• What to do
Give again only the lines from the line that holds "नोएडा : केंद्र" to the end of the data, inclusive, omitting all pictures.

• Data below
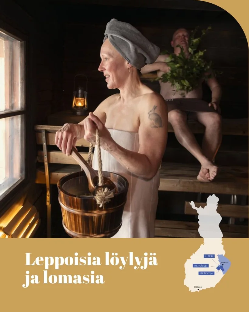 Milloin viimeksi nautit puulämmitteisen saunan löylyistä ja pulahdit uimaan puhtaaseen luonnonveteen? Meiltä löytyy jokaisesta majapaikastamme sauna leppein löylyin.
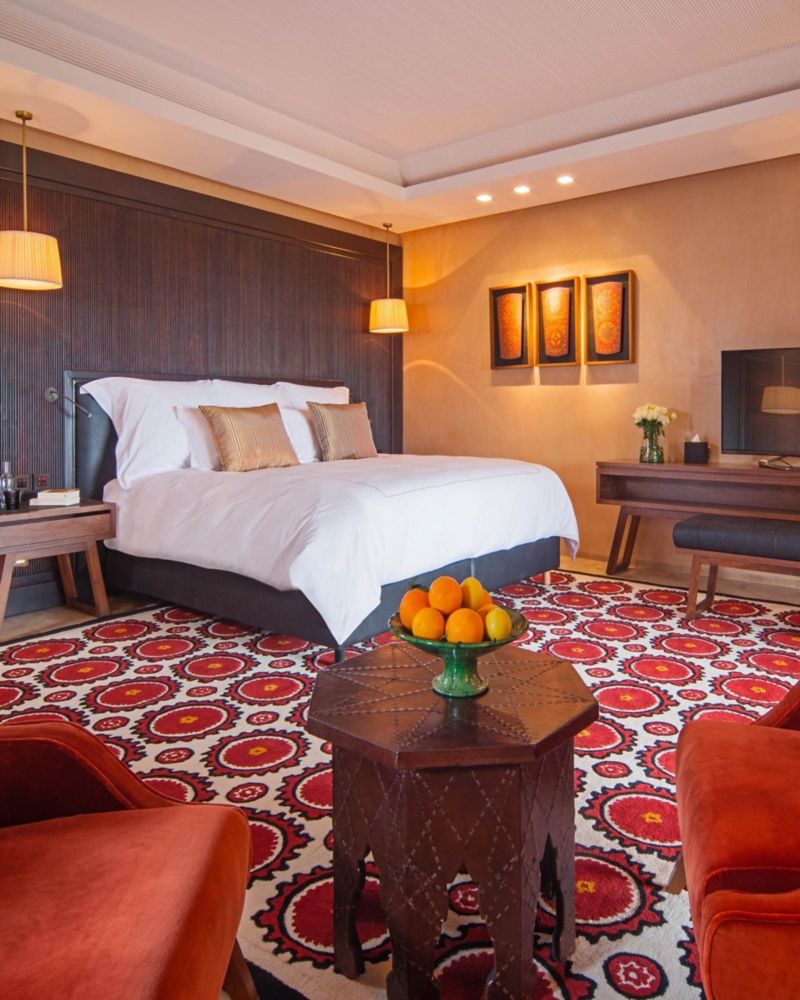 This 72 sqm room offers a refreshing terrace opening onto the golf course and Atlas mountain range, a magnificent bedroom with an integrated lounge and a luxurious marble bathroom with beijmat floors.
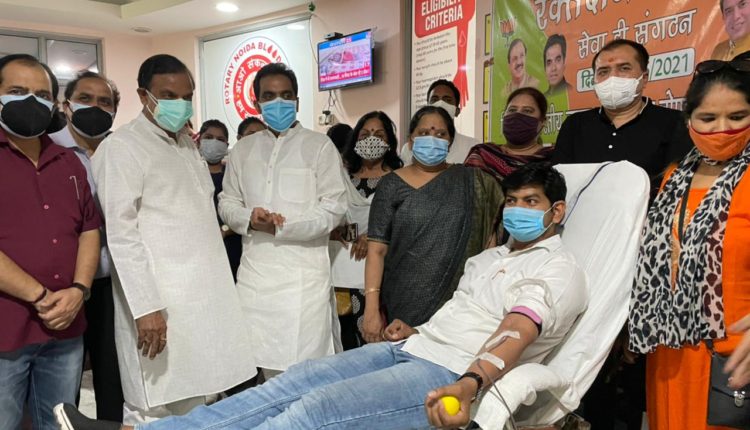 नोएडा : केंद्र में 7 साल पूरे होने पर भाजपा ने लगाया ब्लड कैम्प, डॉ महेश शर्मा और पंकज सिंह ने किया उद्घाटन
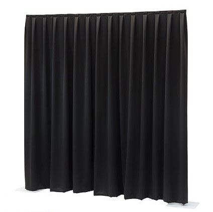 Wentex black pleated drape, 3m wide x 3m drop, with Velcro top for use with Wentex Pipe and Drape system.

• Task response
 नोएडा : केंद्र में 7 साल पूरे होने पर भाजपा ने लगाया ब्लड कैम्प, डॉ महेश शर्मा और पंकज सिंह ने किया उद्घाटन
 Wentex black pleated drape, 3m wide x 3m drop, with Velcro top for use with Wentex Pipe and Drape system.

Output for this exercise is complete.